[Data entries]
#####
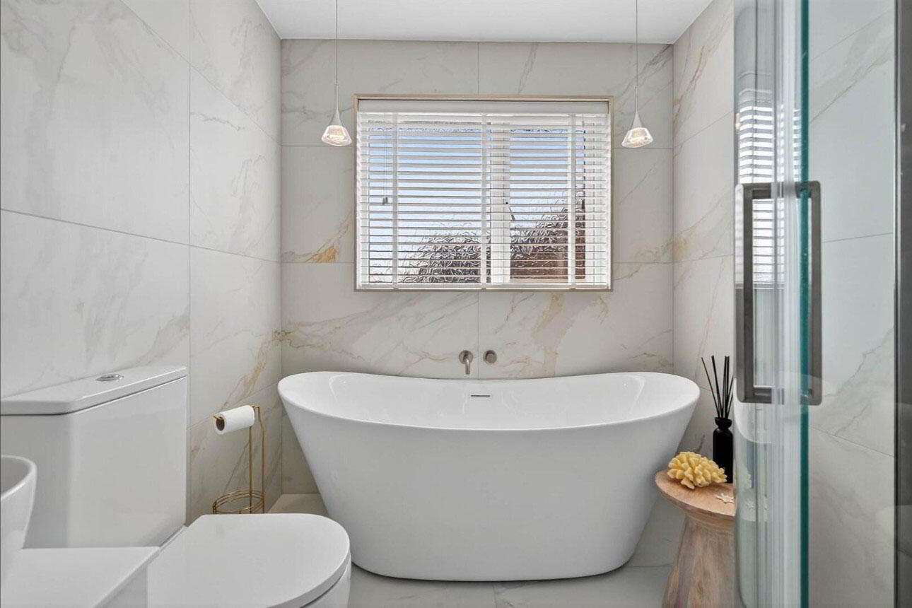 BATHROOM Modern white bathroom suite, oval bath with mixer tap, low flush W/C, display units, wash hand basin with mixer taps, shower unit with controlled shower and overhead rain shower, wall and floor tiling, modern radiator
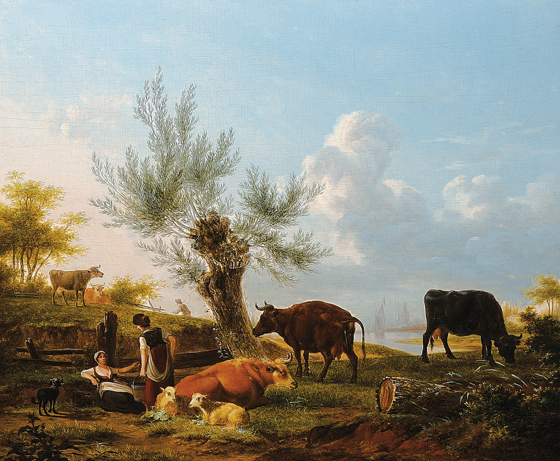 Weidelandschaft mit Hirtenmädchen, Schafen, Kühen und ferner Stadt
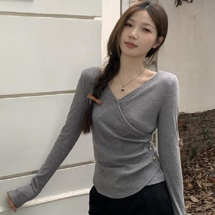 早秋の新型vネックのボタンのデザイン感の偽の2枚の百合の長袖のtシャツの韓国版は色のセクシーなギャルの上着の女性にぶつかります。
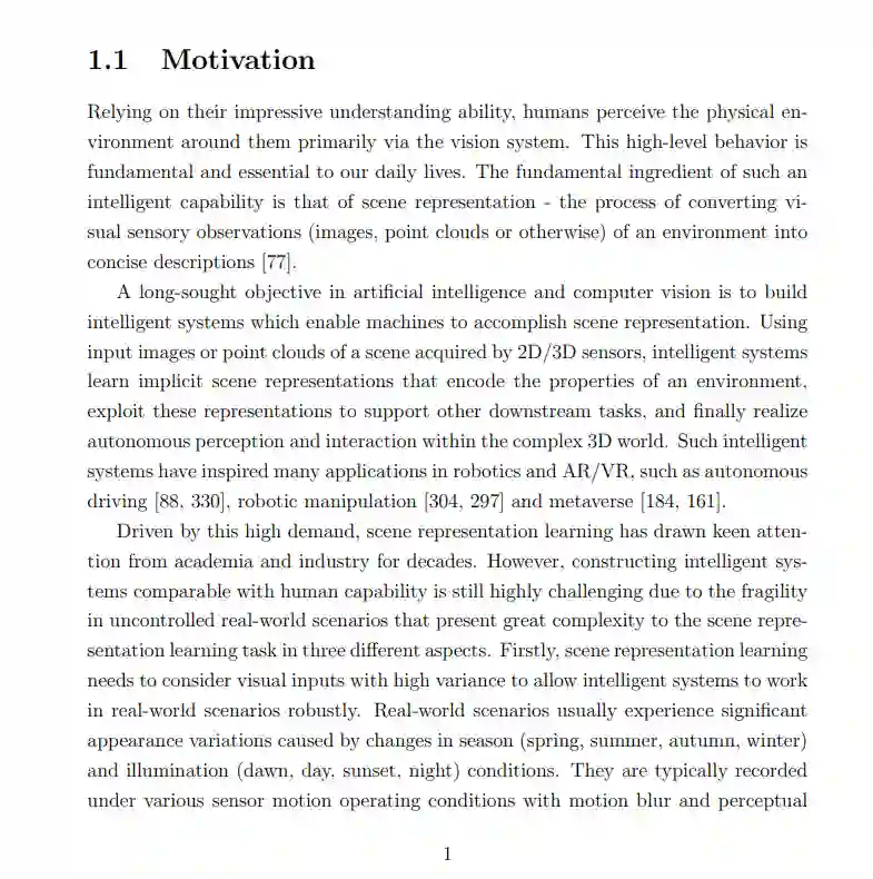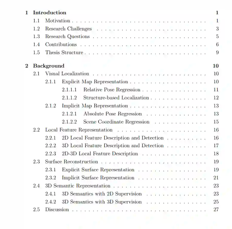 。然而,由于不受控制的现实场景的脆弱性,构建健壮的系统仍然具有很高的挑战性。由于对场景变化的传感观察的差异,不同类型的视觉表示之间的领域差距,以及对多类别信息的高效感知的要求,这为场景表示学习带来了巨大的复杂性。为克服这些挑战,本文追求鲁棒、统一和信息丰富的场景表示,从不同类型的视觉输入中学习几何和语义,为自主学习理解周围世界的智能机器铺平道路。在此背景下,本文在视觉定位、像素点匹配和语义曲面重建领域做出了三个核心贡献。
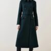 The design is distinguished by its unique crossed front detailing that creates an architectural silhouette, leading into a double-breasted closure. Fully integrated, flowing cape sleeves lend an air of elegant movement and grandeur. A contrasting rich brown leather belt, cinched at the waist, accentuates the figure while adding a touch of artisanal luxury. Functional flap pockets are seamlessly incorporated into the structured design.
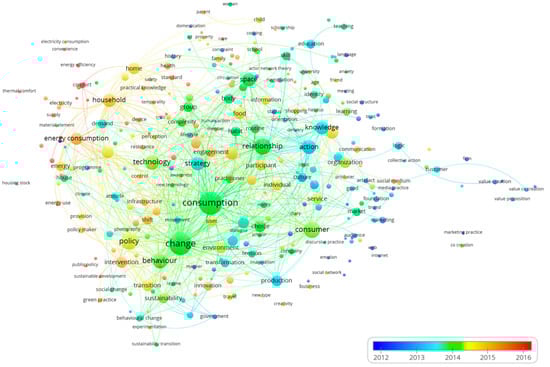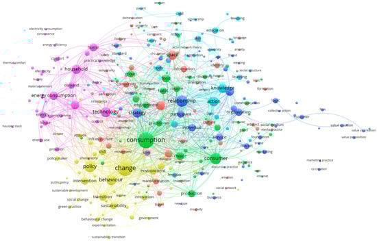 From a theoretical perspective, it is evident from the term map how practice theoretic approaches in consumer studies have bridged to other theoretical frameworks. There are, indeed, several references to technology and innovation (respectively on the central and lower part of the maps). This shows how some scholars link practice theories to different aspects of sociotechnological transitions [7,9,70,78], or study how interconnected practices play into sociotechnological change [8,43]. In this domain, links have also been created between theories of practice and transition theories, which study transitions in sociotechnological systems [73,79,80]. Other authors also focus on technology, but emphasise the agentive aspects of technology in the reproduction of practices, and on how technologies are embedded in practices [7,11,16,81]. However, still under this theoretical perspective, surprisingly both in the term maps (Figure 1 and Figure 2) and in the co-citation map (Figure 3) only very few links could be found to the theory of reasoned action [82] or the theory of planned behaviour [33] that are often used as framework to analyse sustainable behaviours related to consumption.
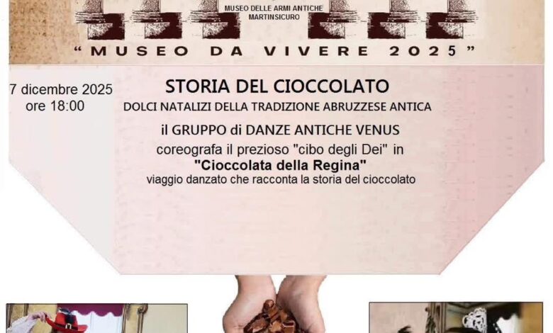 Martinsicuro. Il ciclo di appuntamenti del V Memorial Nino Torquati si chiuderà domenica 7 dicembre 2025 alle ore 18:00 al Museo delle Armi Antiche con una pomeridiana interamente dedicata al tema affascinante e goloso del cioccolato.
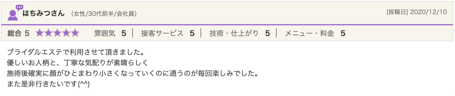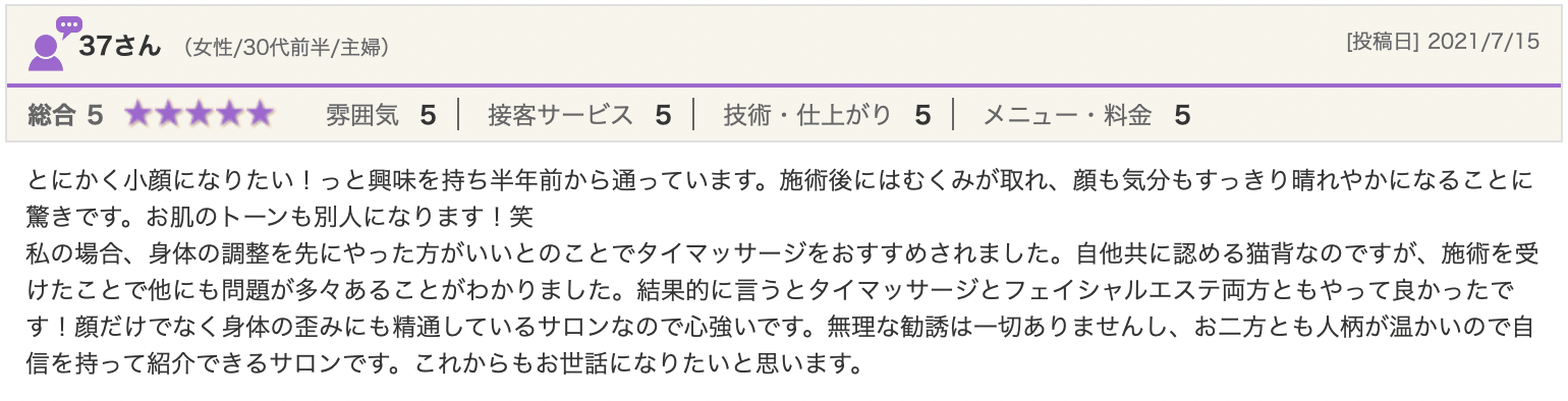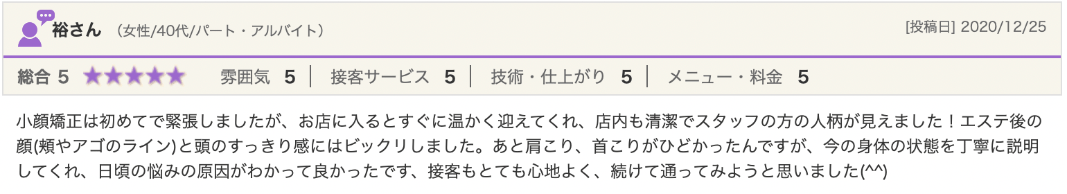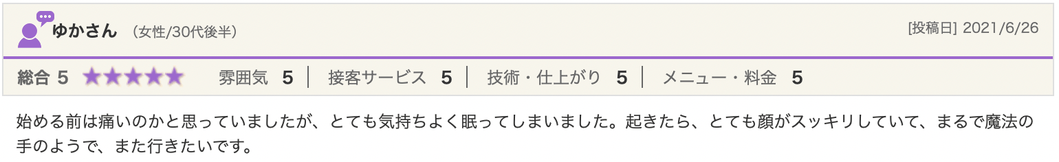 入口から雰囲気がよく施術者も笑顔で人見知りの私でも居心地が良かったです!小顔エステは痛いイメージがあったのですが術中、爆睡です、毎回…(笑)
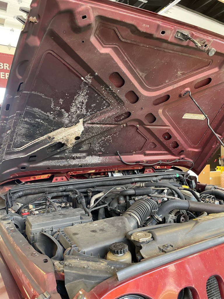 The blackened scorch marks indicate that there was a fire of some sort under my hood, recently, that I had no idea happened.
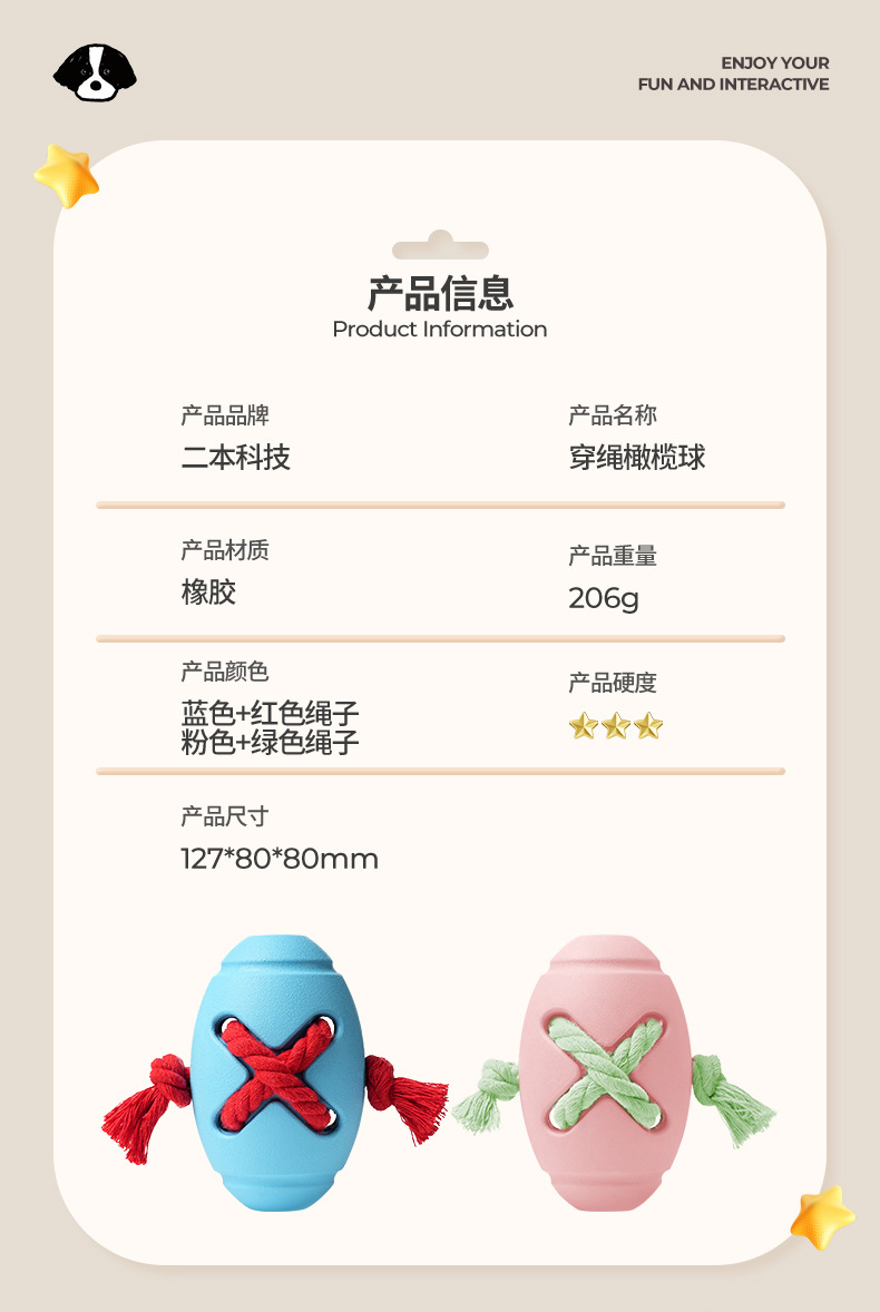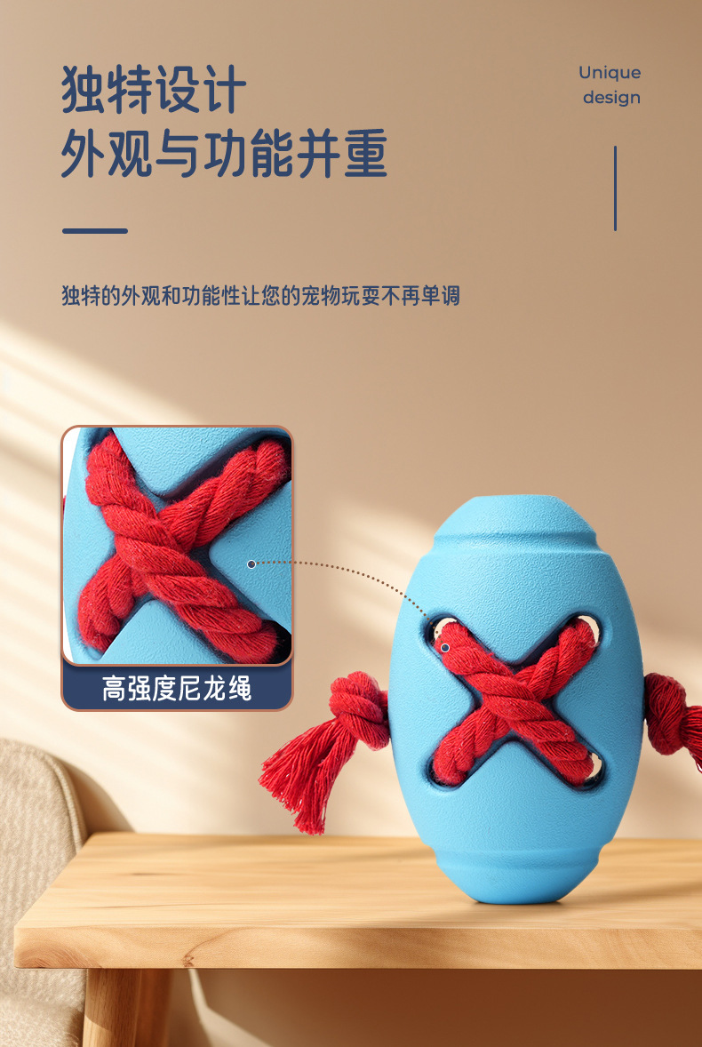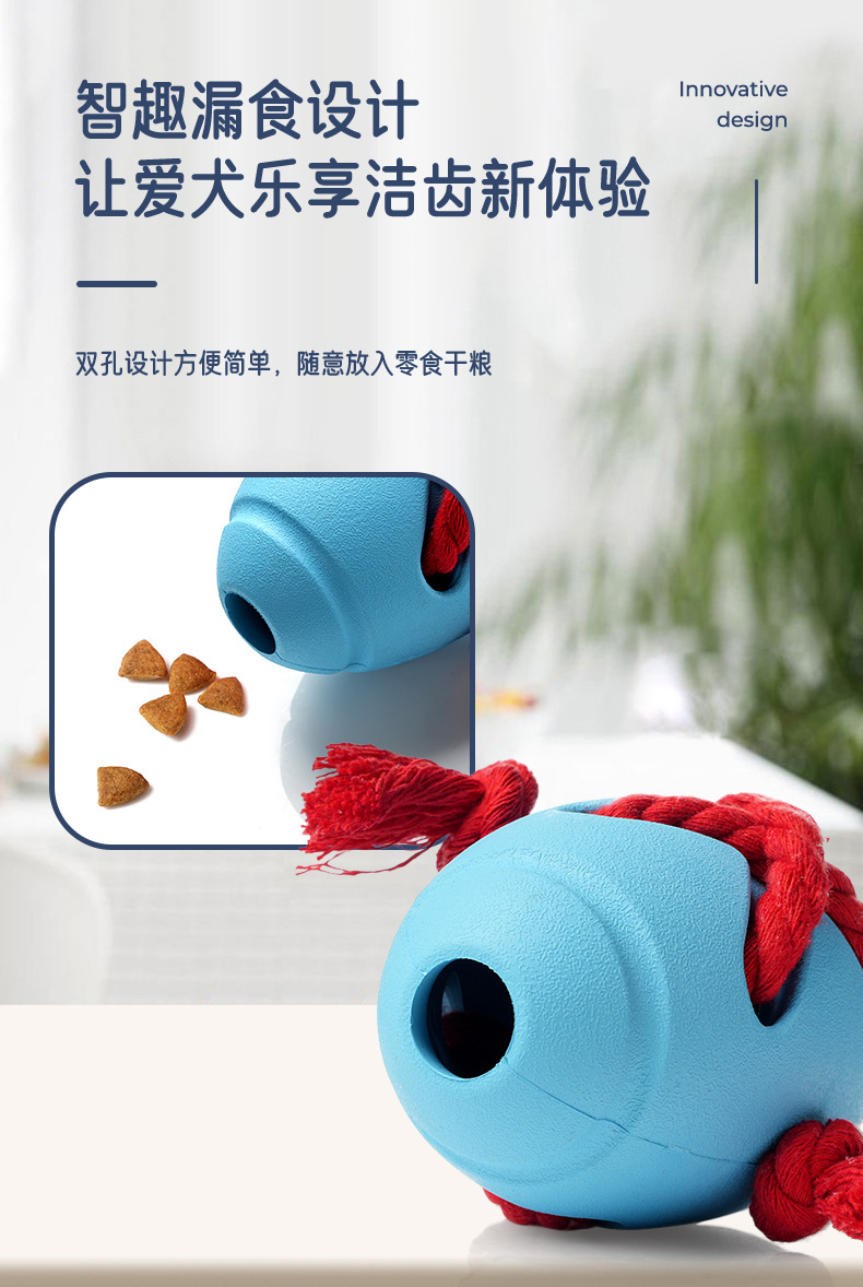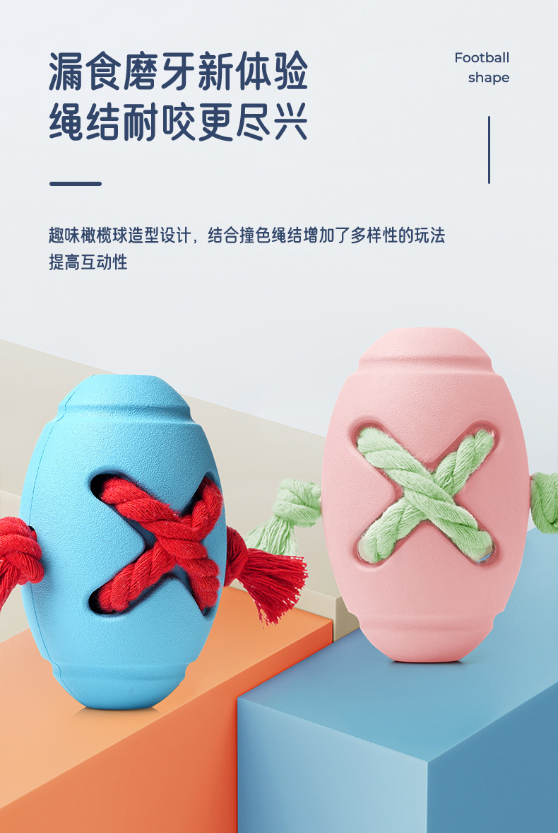 中型犬漏食穿绳橄榄球玩具天然橡胶宠物玩具互动训练藏食狗狗玩具
#####
◆ INSTRUCTIONS TO FOLLOW ◆
Please transcribe, word for word, every line from the first line of the records above through the line containing "早秋の新型vネックのボタンの", and leave out any pictures.

◆ SOLUTION FOR THIS TASK ◆
 BATHROOM Modern white bathroom suite, oval bath with mixer tap, low flush W/C, display units, wash hand basin with mixer taps, shower unit with controlled shower and overhead rain shower, wall and floor tiling, modern radiator
 Weidelandschaft mit Hirtenmädchen, Schafen, Kühen und ferner Stadt
 早秋の新型vネックのボタンのデザイン感の偽の2枚の百合の長袖のtシャツの韓国版は色のセクシーなギャルの上着の女性にぶつかります。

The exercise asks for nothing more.